A new lobbying firm for the group opposing a wind farm off Cape Cod filed a federal document last month reporting that its work for the Alliance to Protect Nantucket Sound is partially funded and shaped by an international energy conglomerate.

The disclosure represents the first documented financial connection between the group opposing the wind farm and Oxbow Corp., which mines and markets energy and commodities, including coal, natural gas, and petroleum.

The Alliance to Protect Nantucket Sound immediately decried the filing as a mistake, and the lobbying firm later amended it in the US Senate Office of Public Records to eliminate the reference to Oxbow.

Oxbow’s founder, Osterville yachtsman William I. Koch, has been a cochairman of the alliance since 2005, a year that saw a flurry of congressional attempts to kill the wind farm. While Oxbow maintains that its lobbyists monitor Cape Wind because of the corporation’s interest in energy and shipping, Cape Wind proponents assert that Oxbow’s lobbyists have been doing far more to fight the wind farm.

“Bill Koch is using his company to significantly augment the already substantial amount of lobbying that the opposition group is doing by using his fossil fuel company to fight this wind farm,” said Cape Wind communications director Mark Rodgers.

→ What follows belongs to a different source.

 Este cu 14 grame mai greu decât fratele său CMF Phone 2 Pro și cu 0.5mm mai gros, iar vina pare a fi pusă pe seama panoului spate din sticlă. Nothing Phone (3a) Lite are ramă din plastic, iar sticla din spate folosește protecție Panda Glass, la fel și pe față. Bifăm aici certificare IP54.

After seven years of review by various governmental agencies, Cape Wind recently received a federal draft environmental review that did not identify any major environmental impediments to building the wind farm in Nantucket Sound.

The Alliance to Protect Nantucket Sound, which has already retained two other lobbying firms, recently added BKSH & Associates, a Washington, D.C., lobbying firm that works for Oxbow. When BKSH filed a lobbying disclosure report with the US Senate Office of Public Records in April, reporting its new client, it listed Oxbow as an affiliated organization, one that contributes more than $5,000 in a quarterly period to the lobbying effort and actively participates in or supervises lobbying efforts.

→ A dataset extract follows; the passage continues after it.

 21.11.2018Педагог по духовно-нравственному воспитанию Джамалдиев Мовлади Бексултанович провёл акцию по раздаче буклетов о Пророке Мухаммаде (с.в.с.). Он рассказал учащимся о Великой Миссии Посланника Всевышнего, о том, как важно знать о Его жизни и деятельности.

BKSH lobbyist Rich Meade said the affiliation was reported because Oxbow had referred the Alliance to Protect Nantucket Sound to the firm and spent time strategizing with BKSH lobbyists before deciding the group should be a separate client.

The conversations with Oxbow and the group represented “enough of a body of work” that BKSH decided to report a relationship to err on the side of caution, Meade said.

“Oxbow asked us to take a look at this issue from a macro level, in terms of strategy and advice,” Meade said. “As we began those conversations with people at the alliance and learned more about the underlying issue and what needed to be done, that’s when we realized that this would necessitate a separate and distinct contract with the alliance.”

After the Globe asked about the document, BKSH filed an amended document Monday, eliminating the connection between the two groups and revising the effective date of its work with the group from April to February.

Both versions of the document still appear on the Senate website.

Meade did not return phone calls to explain the changes.

Audra Parker, a spokeswoman for Alliance to Protect Nantucket Sound, said she asked to get the document changed after learning that Oxbow was listed as a contributor to the group’s lobbying effort.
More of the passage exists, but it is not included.